**Task requirements**.
The answer is the exact text of every line from the one that contains "豪の肥育牛数、9%増で過去2番目の多さ 2023年8月17日 最終更新日時" to the final line of the entries below, with pictures left out.
──────── Source records
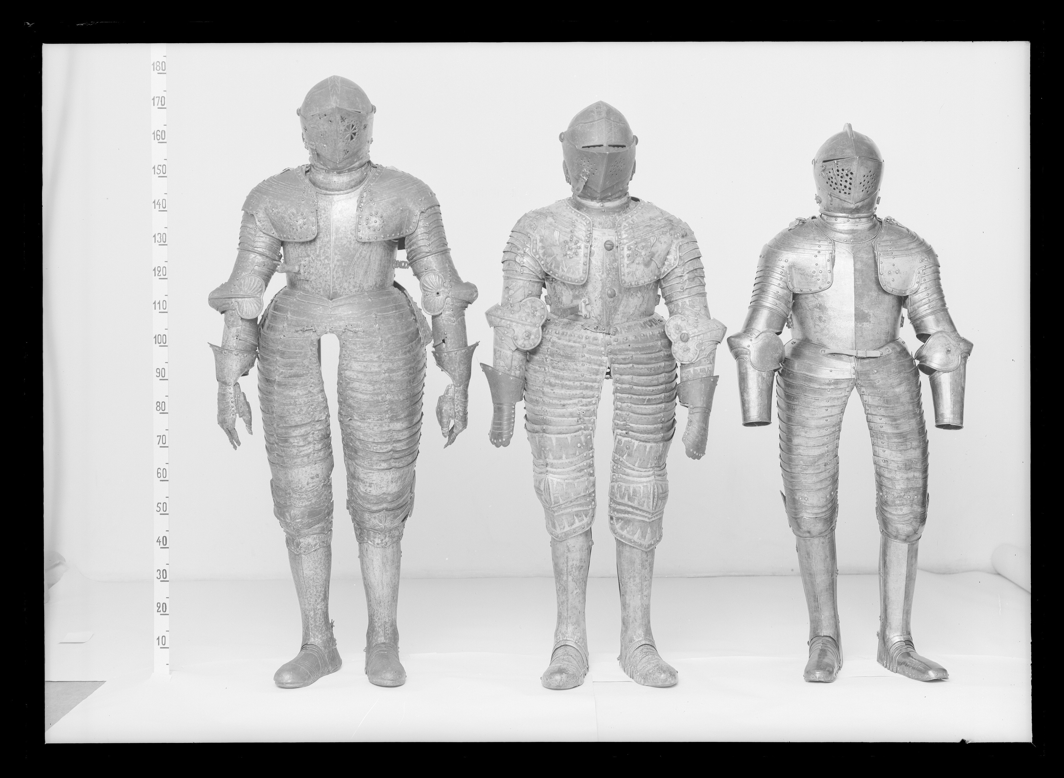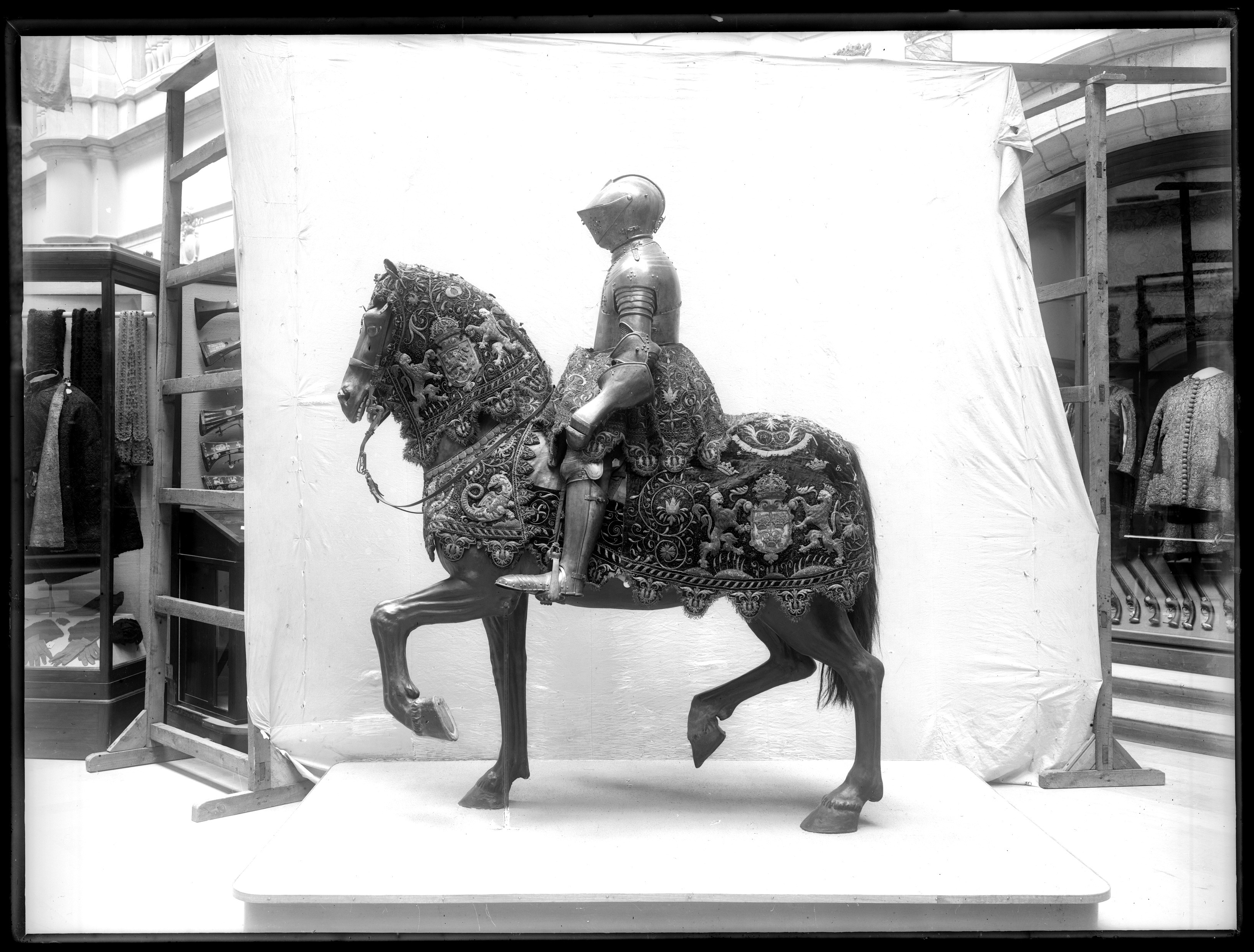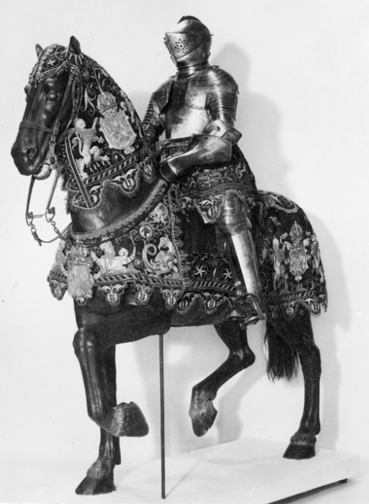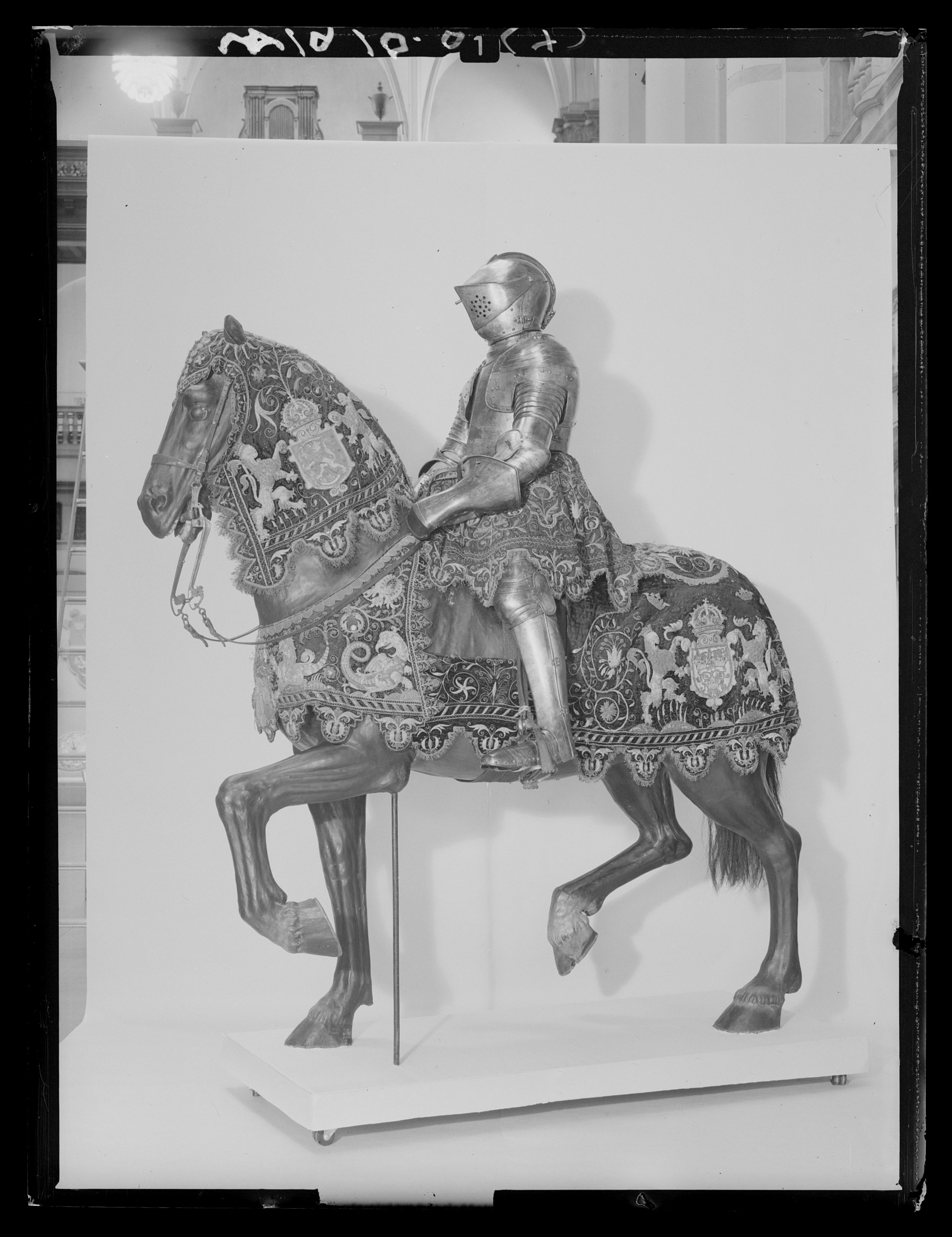 a) Konung Gustav II Adolfs: 1 Tornerhästtäcke af svart sammet, med guldbroderadt perlstickarearbete, bestående af en halskappa med smala, till större delen utnötta guldfransar omkring och på ena sidan ett lejonvapen, båda på rdöt atlas; 1 Bringstycke med guldfransar samt ett Vasavapen; 1 stort Ländstycke i 2ne delar, på en asidan ett broderadt vapen med tre kronor och å den andra sidan ett vapen med lejon på blått atlas med guldfransar rundtomkring /allt murket och sönderfallet/; derpå sittande en karlfigur med förgyldt bröst- coh ryggharnesk, do do armstycken, 1 handske, 1 Höftstycke, förgyldt på kanterne, 2 förgylda lårstycken, 2 do benstycken med fötter och sporrar, 1 do ringkrage och 1 sluten hejlm, fodrad med karduan.
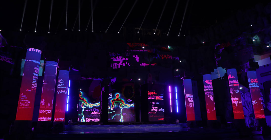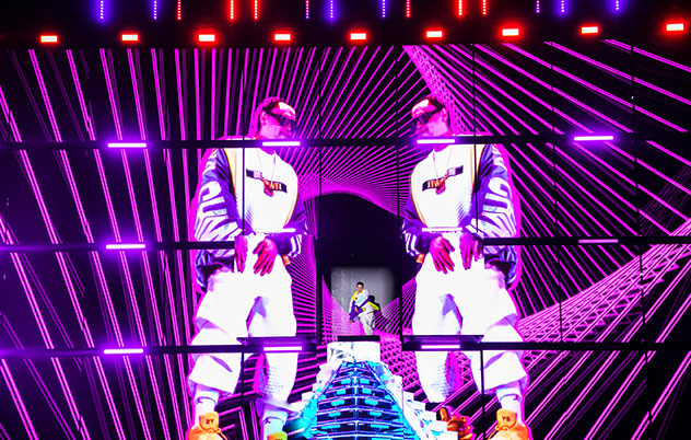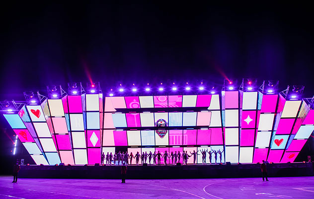 单体3D立体运动模组舞台,舞台宽45米、高11米,由76个方形立体模块组成“魔方矩阵”,每层19块、共4层,每个单体“格子立方体”高2.5米,宽2米,可自由伸缩、旋转运动。
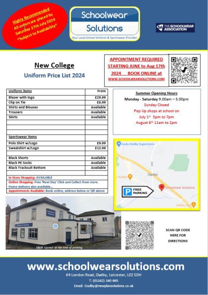 *Please note only the blazer and PE top need to be bought from the above. All other items can be purchased from a retailer of your choice, provided they match our uniform requirements.
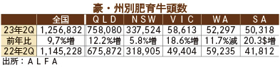 豪の肥育牛数、9%増で過去2番目の多さ 2023年8月17日 最終更新日時 : 2023年8月17日 ウェルス編集部 オーストラリアの2023年第2四半期(4-6月)の穀物肥育牛頭数が前期から8.5%増加し、125万6,832頭となったことが、オーストラリア食肉家畜生産者事業団(MLA)と業界団体オーストラリア・ロットフィーダーズ協会(ALFA)の調査で分かった。過去2番目に多い頭数だ。 コンテンツの残りを閲覧するにはログインが必要です。 お願い Log In. あなたは会員ですか ? 会員についてFacebookXBluesky
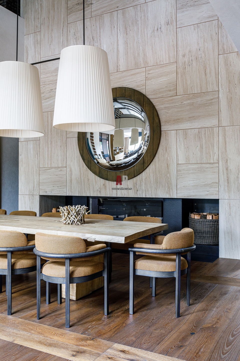 Каминная группа. Центральный элемент общей зоны – 7-ми метровый камин, облицованный бежевым травертином. Крупный формат светильников и выпуклого круглого зеркала над камином помогает сбалансировать объемы в открытом двусветном пространстве.
────────────────
**Answer for the task**.
 豪の肥育牛数、9%増で過去2番目の多さ 2023年8月17日 最終更新日時 : 2023年8月17日 ウェルス編集部 オーストラリアの2023年第2四半期(4-6月)の穀物肥育牛頭数が前期から8.5%増加し、125万6,832頭となったことが、オーストラリア食肉家畜生産者事業団(MLA)と業界団体オーストラリア・ロットフィーダーズ協会(ALFA)の調査で分かった。過去2番目に多い頭数だ。 コンテンツの残りを閲覧するにはログインが必要です。 お願い Log In. あなたは会員ですか ? 会員についてFacebookXBluesky
 Каминная группа. Центральный элемент общей зоны – 7-ми метровый камин, облицованный бежевым травертином. Крупный формат светильников и выпуклого круглого зеркала над камином помогает сбалансировать объемы в открытом двусветном пространстве.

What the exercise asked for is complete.